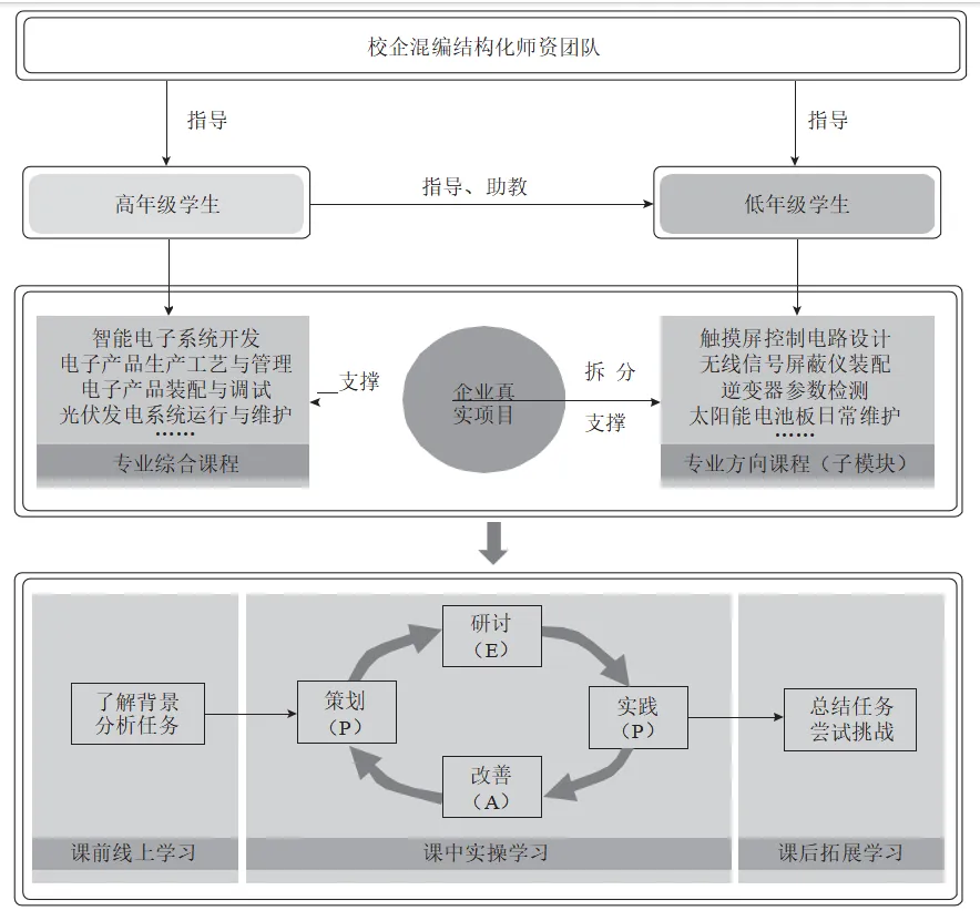 深化“学习促进工作,工作实现学习”教学模式改革,聚焦电子信息行业岗位群所需的核心知识技能,创设“生产工作坊”8 个,分别承担 8 门综合性课程和 12 门专业方向课程的部分模块。打破传统课程边界,课程教学内容根据企业生产任务按年度动态调整,按照企业生产流程由校企双方人员按照各自的技术特长合作完成不同的模块教学,同时高年级学生也会承担低年级学生的简单任务指导;综合考量学生的学习态度、素质养成、知识技能掌握情况及真实工作成效等因素,开展形成性评价。通过全面实施“PEPA”(策划 Plan、研讨 Explore、实践 Practice、改善Ameliorate)教学四步法,实现“学校 + 企业”双境育人、“教师 + 师傅”双师授课、“学生 + 员工”双角色成长、“线上 + 线下”双渠道学习,系统提升学生的实战能力,如图 2 所示。
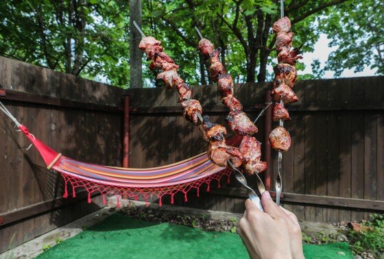 Около 40% россиян готовы съесть за один раз 500 граммов шашлыка или даже больше, следует из результатов опроса Россельхозбанка, которые публикует РИА Новости. По мнению большинства опрошенных, если мясо выбрано правильно и блюдо приготовлено с любовью для близких, то предела количеству шашлыка нет. Около четверти респондентов готовы съесть от 200 до 350 граммов, каждый пятый — менее 200 граммов, а 12% могут съесть до полукилограмма. Наиболее популярным мясом для пикника, по мнению опрошенных, является свинина. На втором месте — курица и индейка, затем идет баранина, говядина и разные виды рыбы. Примерно 5% опрошенных предпочитают шашлык из овощей или грибов. Большинство респондентов любят готовить шашлык сами, не доверяя это дело посторонним. Некоторые (около 10%) покупают готовое блюдо, а примерно каждый пятый приобретает замаринованное мясо, чтобы экономить время, но все равно радуется процессу приготовления шашлыка. Ранее диетолог Елена Соломатина назвала лучший маринад для шашлыка.
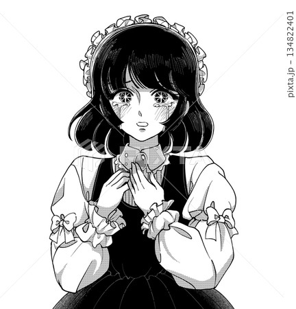 レトロ漫画風・号泣するロリィタファッションの女の子
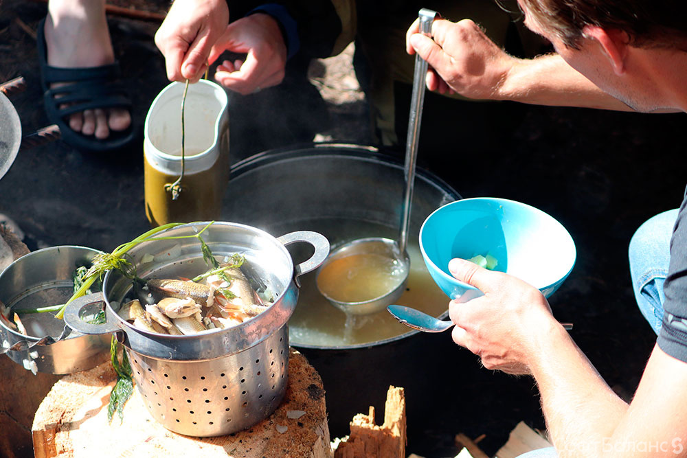 Мужчины провели это время с пользой - поймали щуку, множество уклеек, плотвичек, окуней, красноперок, густер и подлещиков (несколько сотен штук и более 6 кг). Улов закоптили и сварили двойную уху по уникальному рецепту, придуманному исключительно для ЖМР :) Конечно, не обошлось без жареного мяса на костре (нога поросенка весом 9 кг), салата и 20 кг плова из баранины, который был съеден в рекордный срок!
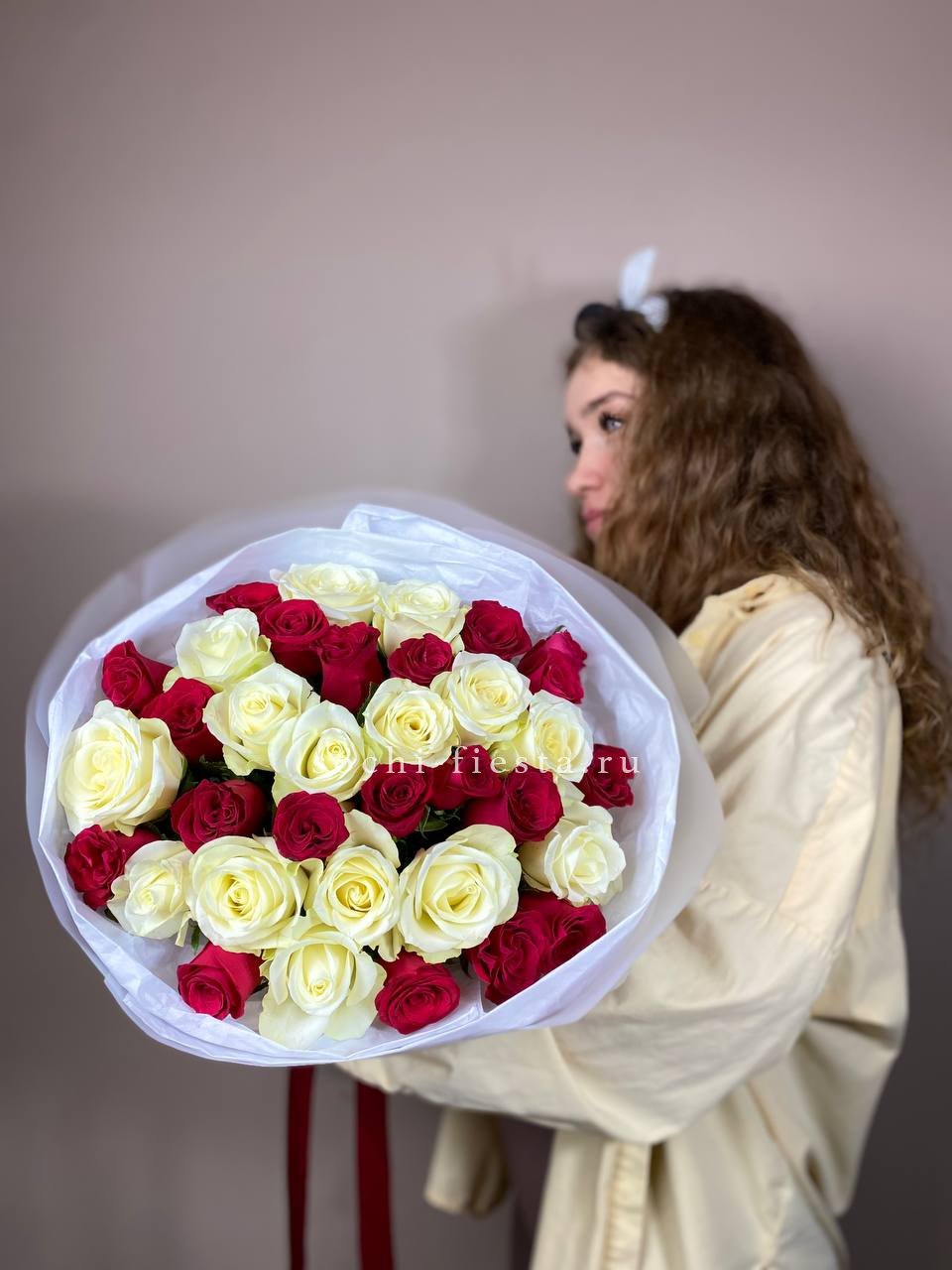 Для заказа товара "Букет из красных белых 35 роз" с доставкой в Старом Осколе нажмите в корзину
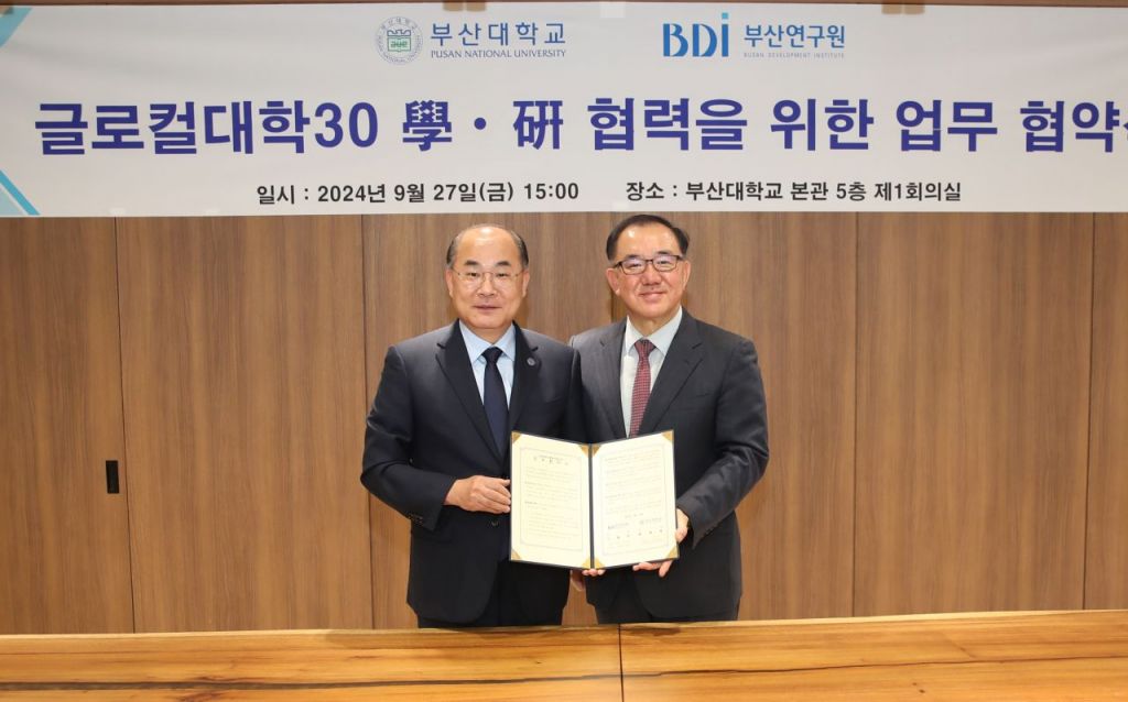 부산대학교는 부산연구원과 27일 교내 대학본부에서 ‘글로컬대학30 學·硏(학·연) 협력에 관한 업무협약’을 체결했다.
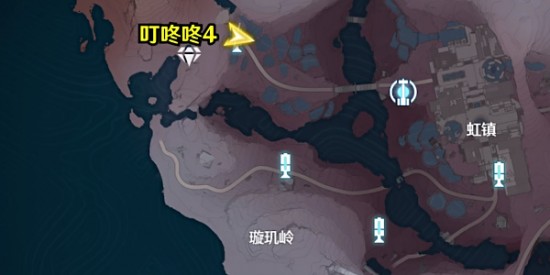 1.1版本新增的閃光異相聲骸叮咚咚有四處刷新點(diǎn)位,分別位于盤龍崖、天取木、璇璣嶺右下方的海灘、隙光灘右下角;分別位置分別如下圖所示。
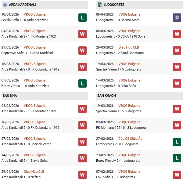 Thống kê phong độ Arda Kardzhali vs Ludogorets:
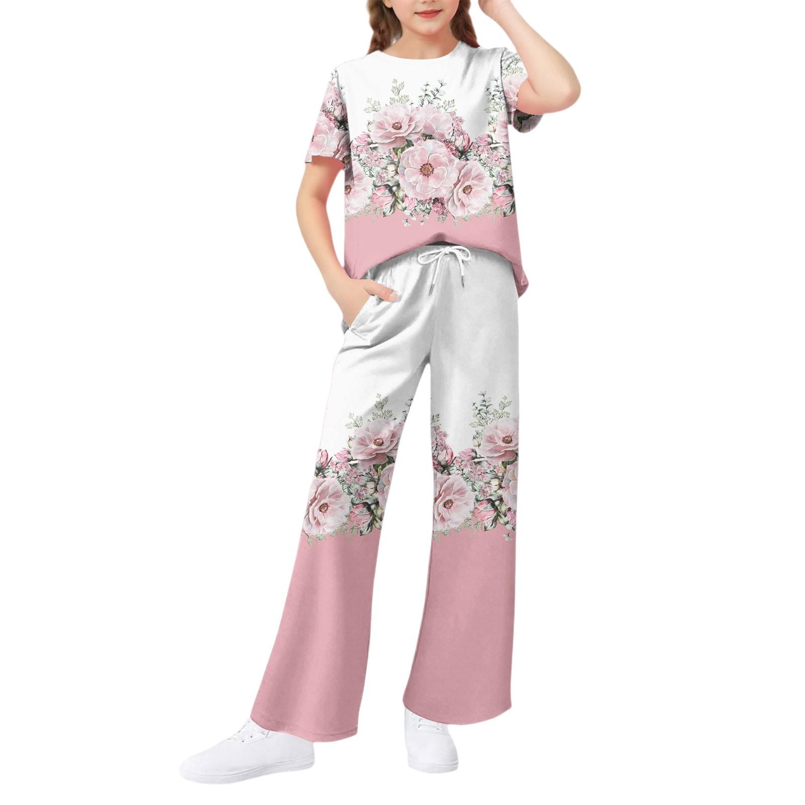 Комплект из 2 предметов для девочек - футболка с коротким рукавом и брюки широкого кроя 150 розовый

● What the task asks
Only the lines from the one containing "Для заказа товара" through the last line of the entries belong in the answer, given again exactly. Images stay out.

● Task solution
 Для заказа товара "Букет из красных белых 35 роз" с доставкой в Старом Осколе нажмите в корзину
 부산대학교는 부산연구원과 27일 교내 대학본부에서 ‘글로컬대학30 學·硏(학·연) 협력에 관한 업무협약’을 체결했다.
 1.1版本新增的閃光異相聲骸叮咚咚有四處刷新點(diǎn)位,分別位于盤龍崖、天取木、璇璣嶺右下方的海灘、隙光灘右下角;分別位置分別如下圖所示。
 Thống kê phong độ Arda Kardzhali vs Ludogorets:
 Комплект из 2 предметов для девочек - футболка с коротким рукавом и брюки широкого кроя 150 розовый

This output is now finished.